When Your Child Is Embarrassed by Faith: A Parenting Moment That Stings
Tonight brought one of those small-but-deep parenting moments — the kind that hits the heart harder than expected.
My son, just seven years old, asked his mom to change her Catholic shirt before his friends saw her. “I don’t want them to think you like God,” he said. He’s heading to religious education tonight, but hearing those words still stung. It wasn’t anger I felt, just this mix of sadness and surprise.
Kids say things without understanding the weight behind them, but that doesn’t mean it doesn’t land somewhere inside us.
When Embarrassment Meets Innocence
At seven, kids are still figuring out how to navigate the world. They’re suddenly aware of their peers, their image, and the way others see them. Faith — something so personal and sacred to parents — can easily become tangled in a child’s desire to “fit in.”
It doesn’t mean they reject God. It doesn’t mean they’re ashamed of their family.
It simply means they’re human, learning their place among other little humans.
But as a parent, it still hurts to hear your child say they don’t want God — or even a sign of Him — to be visible.
A Teachable Moment Hidden in the Sting
After sitting with the feeling for a minute, I realized this was actually an opportunity. Not to lecture. Not to shame him. But to teach him something he’ll need for the rest of his life: how to handle embarrassment, respect others, and understand faith without fear.
So tonight, after religious ed, I plan to talk with him gently. Something like:
“Buddy, it’s okay to feel embarrassed about things sometimes. Everyone does. But it’s not okay to be disrespectful. When you asked Mom to change, that hurt feelings. Our faith is something important to us, and it’s not something we need to hide.”
No anger. No over-explaining. Just a soft nudge in the right direction.

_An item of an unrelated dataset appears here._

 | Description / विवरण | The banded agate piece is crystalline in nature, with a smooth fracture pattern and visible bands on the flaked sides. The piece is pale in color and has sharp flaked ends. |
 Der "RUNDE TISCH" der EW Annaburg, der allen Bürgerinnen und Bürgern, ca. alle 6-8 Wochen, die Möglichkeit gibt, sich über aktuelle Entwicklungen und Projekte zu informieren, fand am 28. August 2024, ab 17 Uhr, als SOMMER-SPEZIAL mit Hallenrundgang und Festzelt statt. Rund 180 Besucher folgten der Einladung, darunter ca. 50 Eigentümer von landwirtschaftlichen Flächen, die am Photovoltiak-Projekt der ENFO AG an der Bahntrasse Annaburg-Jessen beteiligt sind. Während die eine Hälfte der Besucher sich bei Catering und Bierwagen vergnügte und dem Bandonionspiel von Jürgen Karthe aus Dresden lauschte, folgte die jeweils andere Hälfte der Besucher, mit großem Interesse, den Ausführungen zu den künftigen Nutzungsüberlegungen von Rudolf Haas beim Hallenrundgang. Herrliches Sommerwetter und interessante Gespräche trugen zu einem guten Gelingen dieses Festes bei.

Teaching Faith Without Forcing It
Faith isn’t something kids absorb perfectly. It’s lived, questioned, stretched, and learned in small, everyday moments. Moments like:
Being embarrassed by a church shirt
Not knowing how friends will react
Wanting to blend in
Being afraid to stand out
These are chances to plant seeds — seeds of respect, courage, identity, and love.

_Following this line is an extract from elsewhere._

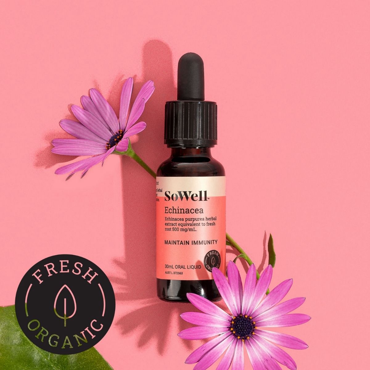 SoWell's seed to bottle herbal extraction process commences within 24 hours of the organic Echinacea purpurea being harvested, capturing the fresh root active medicinal constituents in a concentrated oral liquid form, size 30ml.

The goal isn’t to make him proudly shout about God everywhere he goes. The goal is to help him understand that respect comes first, and that faith is something he never has to be ashamed of, even if he’s still growing into it.
A Simple Phrase for Next Time
I’ve got a line ready for the future, something that both sets a boundary and teaches compassion:
“It’s okay to feel embarrassed, but it’s not okay to be disrespectful.”
Short. Gentle. Clear.
Because parenting isn’t about perfect responses. It’s about guiding their hearts one moment at a time — even the moments that sting a little.